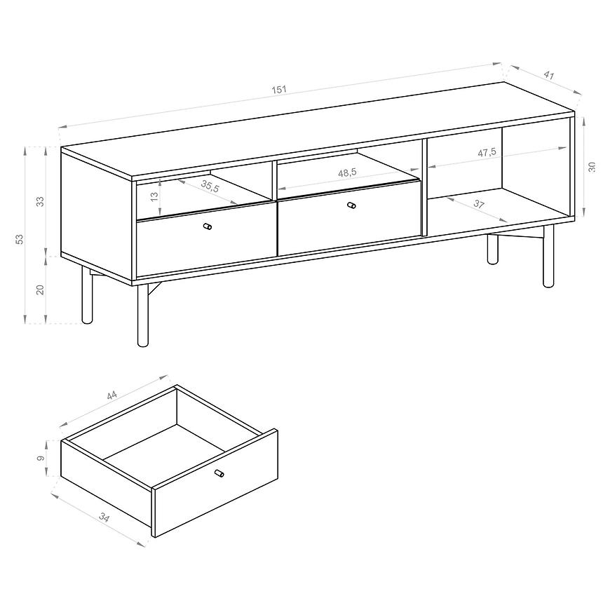 Dzięki harmonijnemu połączeniu kolorów Dębu Artisan i Czarnego Perlistego, szafka prezentuje się wyjątkowo stylowo i efektownie. Jej prostokątny kształt i solidna konstrukcja zapewniają stabilne podparcie dla telewizora oraz wystarczająco miejsca na przechowywanie różnych urządzeń elektronicznych i mediów.
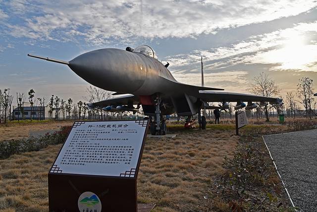 继续向前来到河边,走过浮桥就来到了河西军事体验区,我们看到了航母舰载机歼-15飞鲨的模型。轻盈的体态,强有力的发动机,机翼挂架上威风凛凛的导弹,在夕阳的映照下,更显英姿飒爽,霸气十足。还有了99A坦克,武直10直升机的等比例模型,果然威武。
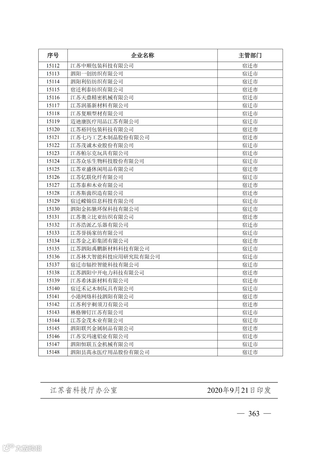 各设区市科技局、财政局:为贯彻落实省政府印发的《江苏省推进高新技术企业高质量发展的若干政策》,深入实施高新技术企业培育“小升高”行动计划,进一步加强高新技术企业培育,根据《江苏省科学技术厅江苏省财政厅关于做好2020年度江苏省高新技术企业培育工作的通知》(苏科高发〔2020〕6号)有关要求,经企业申报、专家评审、网上公示、地方审查推荐等程序,现确定15148家企业作为省高新技术企业培育库2020年度入库企业(名单见附件)。希望各地科技部门会同财政部门进一步加强对入库企业的苏科高发〔2020〕241号指导和支持,加大培育资金投入力度,健全高新技术企业培育体系。入库企业要进一步加强新产品、新技术、新工艺、新业态创新,加快成长为高新技术企业,为壮大我省高新技术企业群体提 供支撑。
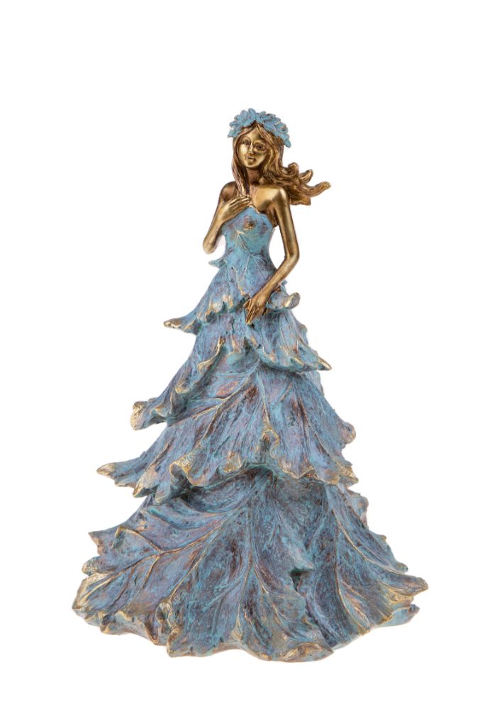 Statuina Donna con Abito 29 cm in Resina Turchese

■ **ASSIGNMENT**:
Please transcribe the listing exactly as it stands, but omit its pictures.

■ **RESPONSE FOR THIS EXERCISE**:
 Dzięki harmonijnemu połączeniu kolorów Dębu Artisan i Czarnego Perlistego, szafka prezentuje się wyjątkowo stylowo i efektownie. Jej prostokątny kształt i solidna konstrukcja zapewniają stabilne podparcie dla telewizora oraz wystarczająco miejsca na przechowywanie różnych urządzeń elektronicznych i mediów.
 继续向前来到河边,走过浮桥就来到了河西军事体验区,我们看到了航母舰载机歼-15飞鲨的模型。轻盈的体态,强有力的发动机,机翼挂架上威风凛凛的导弹,在夕阳的映照下,更显英姿飒爽,霸气十足。还有了99A坦克,武直10直升机的等比例模型,果然威武。
 各设区市科技局、财政局:为贯彻落实省政府印发的《江苏省推进高新技术企业高质量发展的若干政策》,深入实施高新技术企业培育“小升高”行动计划,进一步加强高新技术企业培育,根据《江苏省科学技术厅江苏省财政厅关于做好2020年度江苏省高新技术企业培育工作的通知》(苏科高发〔2020〕6号)有关要求,经企业申报、专家评审、网上公示、地方审查推荐等程序,现确定15148家企业作为省高新技术企业培育库2020年度入库企业(名单见附件)。希望各地科技部门会同财政部门进一步加强对入库企业的苏科高发〔2020〕241号指导和支持,加大培育资金投入力度,健全高新技术企业培育体系。入库企业要进一步加强新产品、新技术、新工艺、新业态创新,加快成长为高新技术企业,为壮大我省高新技术企业群体提 供支撑。
 Statuina Donna con Abito 29 cm in Resina Turchese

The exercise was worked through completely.